HMRC must commence a discovery assessment, in relation to one of the above, within a prescribed period of 4 years from the end of the tax year to which the assessment relates. However, this 4-year period will be extended to 6 years where there is careless behaviour and 20 years where there is deliberate behaviour.
A significant body of case law has developed in relation to discovery assessments. In particular, the concept of staleness has been introduced to scrutinise the promptness of HMRC in commencing a discovery assessment.
“a discovery is something newly arising, not something stale and old. The conclusion that it is probable that there is an insufficiency must be one which newly arises.” (Corbally-Stourton v Revenue and Customs Comrs  UKSPC 692)
As a result, the courts will prevent a discovery assessment where HMRC has not acted on information when it is fresh and instead, has become stale.
To reconcile this with the prescriptive time limits provided in the legislation, the preventative measure of staleness does not limit HMRC where it does not have information relating to sufficiency, instead it only limits HMRC where it has the information but fails to act on that information within a reasonable time period.
This is further qualified to the extent that a discovery assessment must be raised “expeditiously” (Clive Beagles v Revenue & Customs Comrs  UKFTT 462 (TC) and in reality, staleness is only likely to arise only in the “most exceptional of cases” (Pattullo v Revenue & Customs Comrs  UKUT 270 (TCC).
The courts approach has been pragmatic in the application of staleness; rather than deeming any discovery assessment invalid after the expiration of a specified period of time, the courts will assess the facts holistically.
For example, the courts deemed HMRC that a discovery remained fresh where HMRC waited months for a Supreme Court decision before issuing a discovery assessment. (Revenue & Customs Comrs v Charlton (and Others) UKUT 770 (TCC)) However, there are examples where HMRC failed to act on a discovery for 2 years (Gordon and Others v Revenue & Customs Comrs UKFTT 307) and 5 years (Revenue & Customs Comrs v Raymond Tooth  UKUT 38 (TCC)) were held to be stale.

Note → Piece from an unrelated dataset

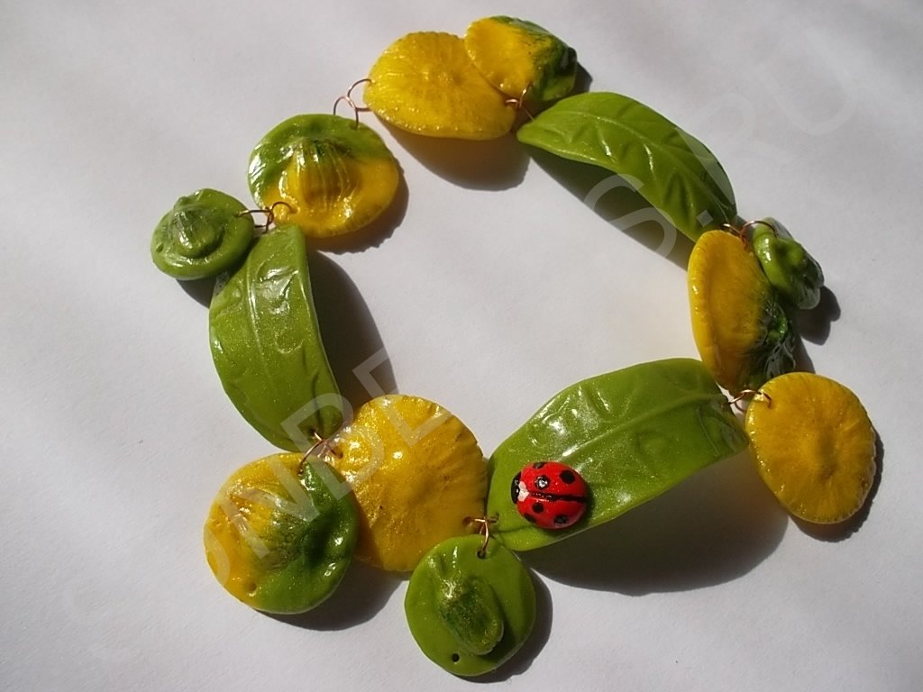 Слепить просто круглые шары нам показались не очень интересной затеей поэтому, пришла идея сделать слепки листьев и цветов на разной стадии роста и раскрытия бутонов. На слепках, то есть молдах, отпечаталась каждая прожилка листа и каждый лепесток и тычинка этого простого и милого цветка. Добавить браслету ручной работы живости и немного разбавить цветовую палитру нам помогла маленькая божья коровка, уютно притулившаяся на листочке. Как и сам браслет, сделать ее совсем несложно.

The First Tier Tribunal and Upper Tribunal has offered ample consideration on the concept of staleness and recently, the Upper Tribunal has invited a review of the authorities in the higher courts (Clive Beagles v Revenue & Customs Comrs  UKUT 0380 (TCC)). With HMRC’s aggressive crack down on non-compliance, avoidance and evasion, it is likely that greater scrutiny of HMRC exercising its authority will become increasingly common with the likely rise in discovery assessments.
For taxpayers, this also further emphasises the need for openness and honesty with HMRC. Once all relevant information is declared by a taxpayer to HMRC, the clock will start ticking and the onus will be on HMRC to raise a discovery assessment while that discovery is fresh.